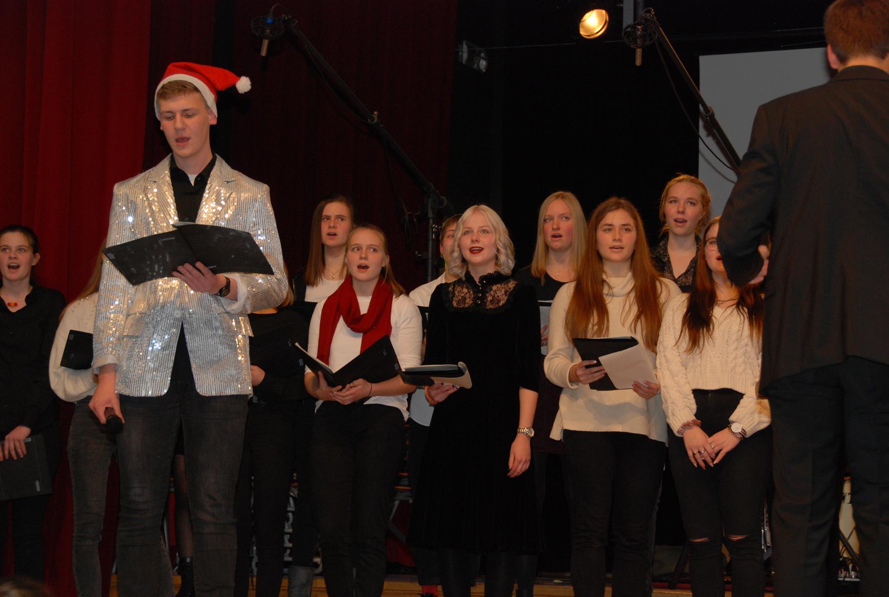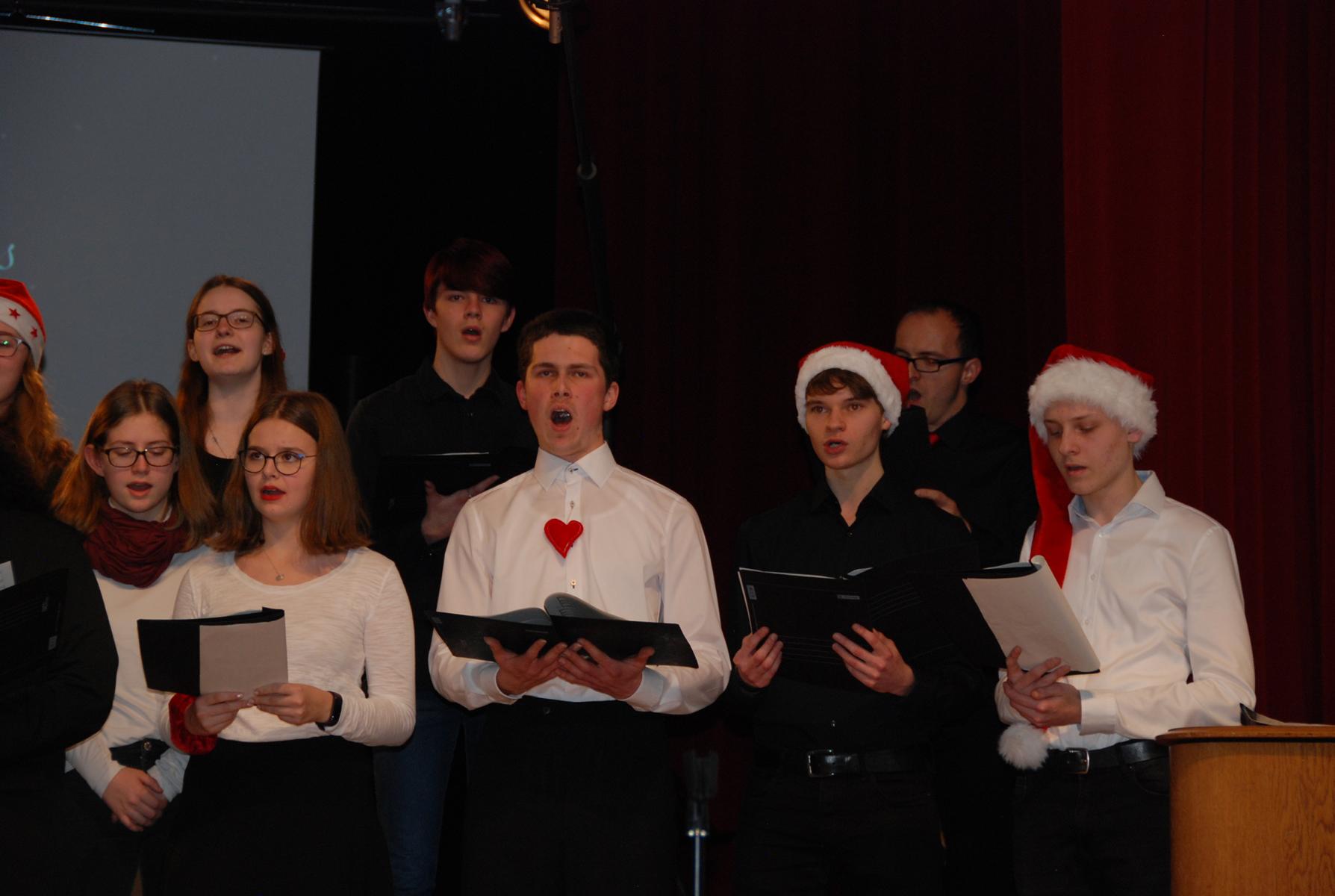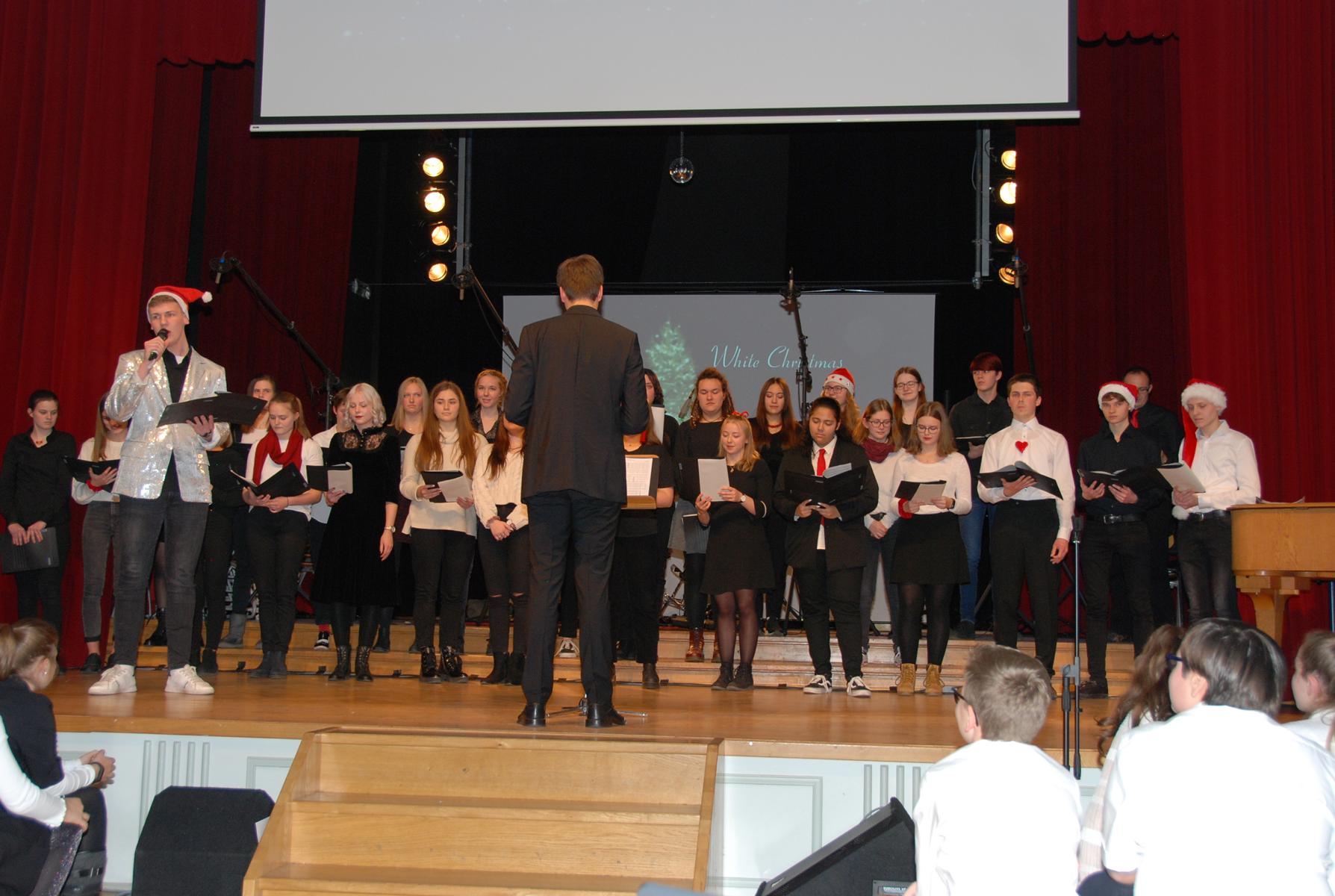 Meisterte weiße Weihnacht amerikanischer Art: Der Oberstufenchor unter der Leitung von Musiklehrer Simon Stockamp und Musikreferendarin Simone Ruppik.
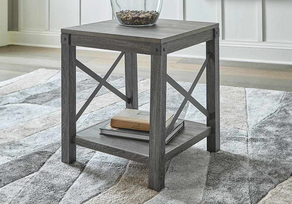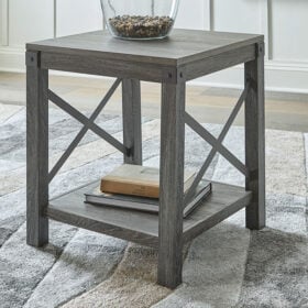Open the door to modern farmhouse style with this square end table. The beautiful woodgrain look and classic crossbuck metal accents are a cool touch, while the lower shelf provides surface space for fashionable home accessories.
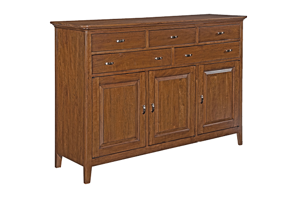 A modern interpretation on tradition made from solid cherry featuring a clean aesthetic. Cherry Park showcases simple lines, smooth, rounded edges, radius-tapered legs, and complementing champagne metal hardware in a rose-gold tone. This collection offers an array of storage features in a warm distinctive look that fits well in any home. In addition to modern features like our adjustable soft-close drawer glides, Kincaid utilizes the best of the old-world construction techniques. Such features include English Dovetails, mortise and tenon construction, floating tops and panels, full dust proofing, and multi-step hand-rubbed finishes.
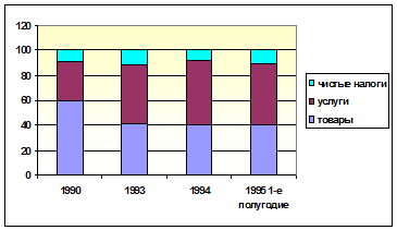 (рост на 12%), химической и нефтехимической (рост на 9%), цветной металлургии (тот же объем, что и в прошлом году) и топливной промышленности (падение производства всего на 2%). Впервые за последние годы наметился рост производства некоторых, пока еще немногочисленных, видов продукции машиностроения. Темпы падения производства потребительских товаров замедлились более чем в 2 раза (с 29 до 13 4) по равнению с 1994 г., но были выше, чем в 1993 г. Особенно сильно упал выпуск продукции в легкой промышленности – на 38%, в пищевой – на 10%. На 10% обратилось производство и в лесной, деревообрабатывающей и целлюлозно-бумажной промышленности. Продолжалось разрушение многих наукоемких производств: например, выпуск станков с ЧПУ в очередной более чем в 2 раза. Наметившиеся позитивные сдвиги пока не глубоких и прочных корней. Внешний спрос вряд может служить достаточной основой для восстановления промышленного роста в России. Емкость рынка по тем товарам, которые может поставлять сия, далеко не безгранична и подвержена.
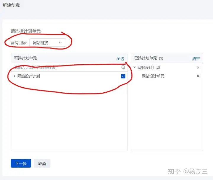 营销目标选择缺省“中文网站链接”要是。之后勾选方案,点选“下一步”按键,就进入到了“创意结构设计”网页。
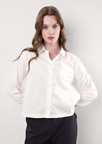 Выразите свою уникальность и добавьте изысканности любому наряду с этой невероятной блузкой! Рукава длиной 3/4, цельнокроеные и завершающиеся манжетом с пуговицей и патой, придают модели утонченный вид. Воротник-стойка плавно переходит в широкий распашной воротник апаш, создавая современный и элегантный силуэт. Спина немного длиннее переда. По центру передней части проходит планка, а внизу — сборка на шнурке, придающая интересный объем. Эта блузка станет идеальным выбором как для деловых встреч, так и для повседневного образа, добавляя вашему стилю нотку роскоши и утонченности.
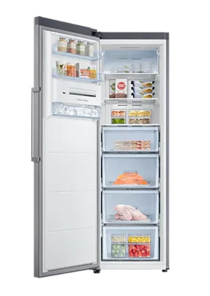 Компактный льдогенератор занимает меньше места, поскольку он встроен в дверцу. Благодаря компактности льдогенератора, экономится место для хранения продуктов и освобождается больше места на полках. Однако это не означает, что у вас будет меньше льда, поскольку он замораживает воду в 5 раз быстрее, а высыпать готовые кубики льда можно одним движением рычажка
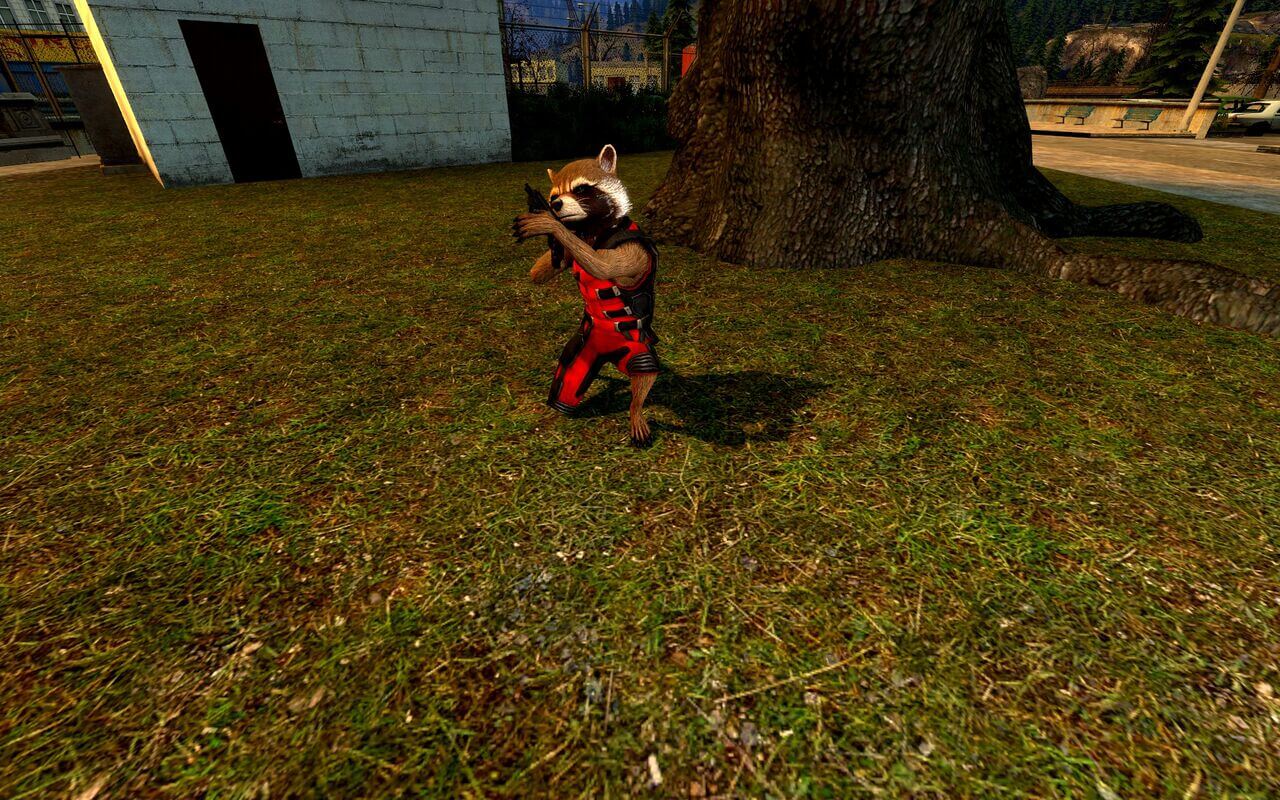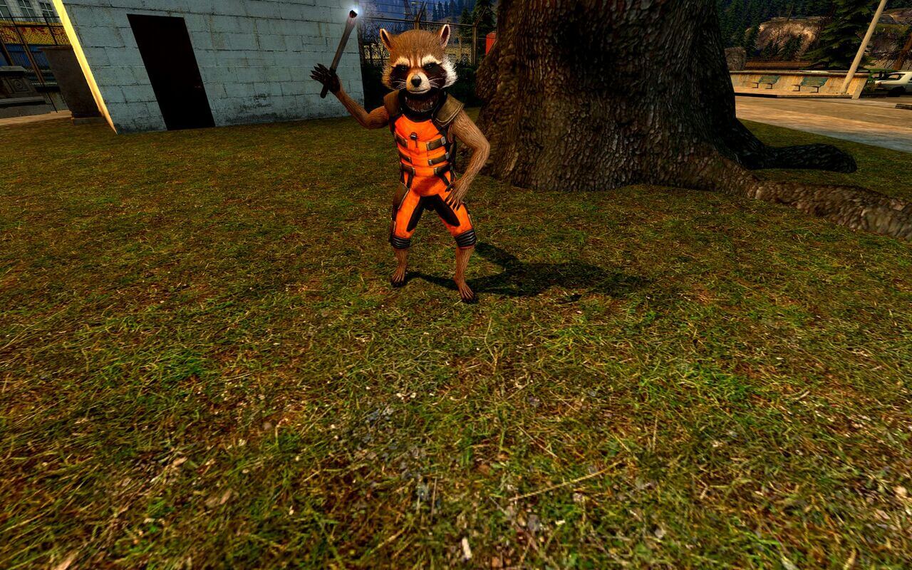 Ракета из “Стражей галактики”, который абсолютно точно не енот. Просто этому существу не очень повезло с опытами. Здесь она будет игровой моделью.
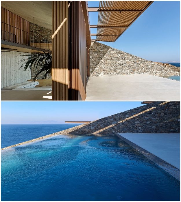 Общая зона отдыха и видовой бассейн расположены на цокольном уровне дома (Ncaved House, о-в Серифос)
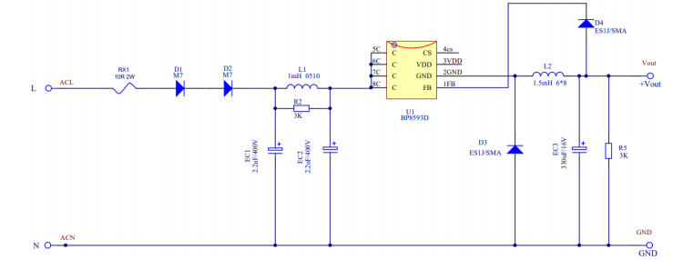 在智能家居、小家電、MCU待機(jī)供電等超小功率場(chǎng)景中,非隔離輔助電源因成本低、體積小、設(shè)計(jì)簡(jiǎn)單而備受青睞。過(guò)去,OB2222E曾是這類100mA級(jí)方案的主流選擇,但受限于交期、價(jià)格及EMI裕量,工程師急需一顆直接替換、性能更優(yōu)的新品。BP8593D以 SOP7封裝、內(nèi)置700V MOS、PSR架構(gòu)、<100mW待機(jī)功耗為核心賣點(diǎn),官方參考設(shè)計(jì)5V/100mA已完整驗(yàn)證,BOM、PCB、測(cè)試數(shù)據(jù)一步到位,可實(shí)現(xiàn)零調(diào)試替代OB2222E。本文帶你一圖看懂這顆“小鋼炮”。
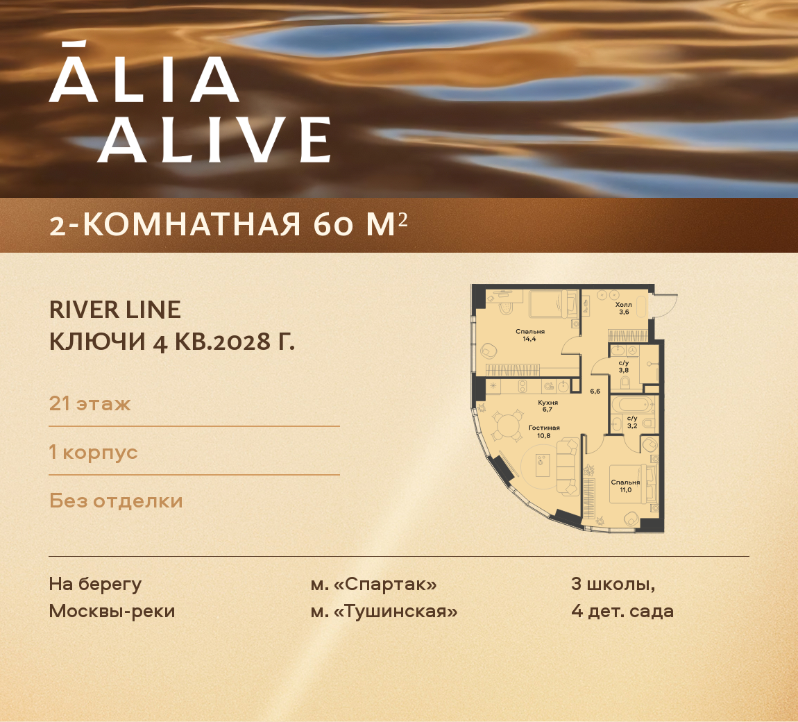 Жилой комплекс «ALIA» расположился на берегу Москвы-реки. Удобная транспортная развязка позволяет всем автовладельцам комплекса беспрепятственно добраться до любого уголка столицы. Для удобства тех, кто предпочитает общественный транспорт, в пешей доступности находятся многие станции метро и автобусные остановки. Возведение зданий осуществлялось с помощью современных материалов, которые гарантируют оптимальный уровень звукоизоляции помещений, а также поддержание необходимой температуры внутри.

####

### DESCRIPTION OF THE TASK
Copy every line above word for word and exclude the pictures.

### YOUR SOLUTION
 Meisterte weiße Weihnacht amerikanischer Art: Der Oberstufenchor unter der Leitung von Musiklehrer Simon Stockamp und Musikreferendarin Simone Ruppik.
Open the door to modern farmhouse style with this square end table. The beautiful woodgrain look and classic crossbuck metal accents are a cool touch, while the lower shelf provides surface space for fashionable home accessories.
 A modern interpretation on tradition made from solid cherry featuring a clean aesthetic. Cherry Park showcases simple lines, smooth, rounded edges, radius-tapered legs, and complementing champagne metal hardware in a rose-gold tone. This collection offers an array of storage features in a warm distinctive look that fits well in any home. In addition to modern features like our adjustable soft-close drawer glides, Kincaid utilizes the best of the old-world construction techniques. Such features include English Dovetails, mortise and tenon construction, floating tops and panels, full dust proofing, and multi-step hand-rubbed finishes.
 (рост на 12%), химической и нефтехимической (рост на 9%), цветной металлургии (тот же объем, что и в прошлом году) и топливной промышленности (падение производства всего на 2%). Впервые за последние годы наметился рост производства некоторых, пока еще немногочисленных, видов продукции машиностроения. Темпы падения производства потребительских товаров замедлились более чем в 2 раза (с 29 до 13 4) по равнению с 1994 г., но были выше, чем в 1993 г. Особенно сильно упал выпуск продукции в легкой промышленности – на 38%, в пищевой – на 10%. На 10% обратилось производство и в лесной, деревообрабатывающей и целлюлозно-бумажной промышленности. Продолжалось разрушение многих наукоемких производств: например, выпуск станков с ЧПУ в очередной более чем в 2 раза. Наметившиеся позитивные сдвиги пока не глубоких и прочных корней. Внешний спрос вряд может служить достаточной основой для восстановления промышленного роста в России. Емкость рынка по тем товарам, которые может поставлять сия, далеко не безгранична и подвержена.
 营销目标选择缺省“中文网站链接”要是。之后勾选方案,点选“下一步”按键,就进入到了“创意结构设计”网页。
 Выразите свою уникальность и добавьте изысканности любому наряду с этой невероятной блузкой! Рукава длиной 3/4, цельнокроеные и завершающиеся манжетом с пуговицей и патой, придают модели утонченный вид. Воротник-стойка плавно переходит в широкий распашной воротник апаш, создавая современный и элегантный силуэт. Спина немного длиннее переда. По центру передней части проходит планка, а внизу — сборка на шнурке, придающая интересный объем. Эта блузка станет идеальным выбором как для деловых встреч, так и для повседневного образа, добавляя вашему стилю нотку роскоши и утонченности.
 Компактный льдогенератор занимает меньше места, поскольку он встроен в дверцу. Благодаря компактности льдогенератора, экономится место для хранения продуктов и освобождается больше места на полках. Однако это не означает, что у вас будет меньше льда, поскольку он замораживает воду в 5 раз быстрее, а высыпать готовые кубики льда можно одним движением рычажка
 Ракета из “Стражей галактики”, который абсолютно точно не енот. Просто этому существу не очень повезло с опытами. Здесь она будет игровой моделью.
 Общая зона отдыха и видовой бассейн расположены на цокольном уровне дома (Ncaved House, о-в Серифос)
 在智能家居、小家電、MCU待機(jī)供電等超小功率場(chǎng)景中,非隔離輔助電源因成本低、體積小、設(shè)計(jì)簡(jiǎn)單而備受青睞。過(guò)去,OB2222E曾是這類100mA級(jí)方案的主流選擇,但受限于交期、價(jià)格及EMI裕量,工程師急需一顆直接替換、性能更優(yōu)的新品。BP8593D以 SOP7封裝、內(nèi)置700V MOS、PSR架構(gòu)、<100mW待機(jī)功耗為核心賣點(diǎn),官方參考設(shè)計(jì)5V/100mA已完整驗(yàn)證,BOM、PCB、測(cè)試數(shù)據(jù)一步到位,可實(shí)現(xiàn)零調(diào)試替代OB2222E。本文帶你一圖看懂這顆“小鋼炮”。
 Жилой комплекс «ALIA» расположился на берегу Москвы-реки. Удобная транспортная развязка позволяет всем автовладельцам комплекса беспрепятственно добраться до любого уголка столицы. Для удобства тех, кто предпочитает общественный транспорт, в пешей доступности находятся многие станции метро и автобусные остановки. Возведение зданий осуществлялось с помощью современных материалов, которые гарантируют оптимальный уровень звукоизоляции помещений, а также поддержание необходимой температуры внутри.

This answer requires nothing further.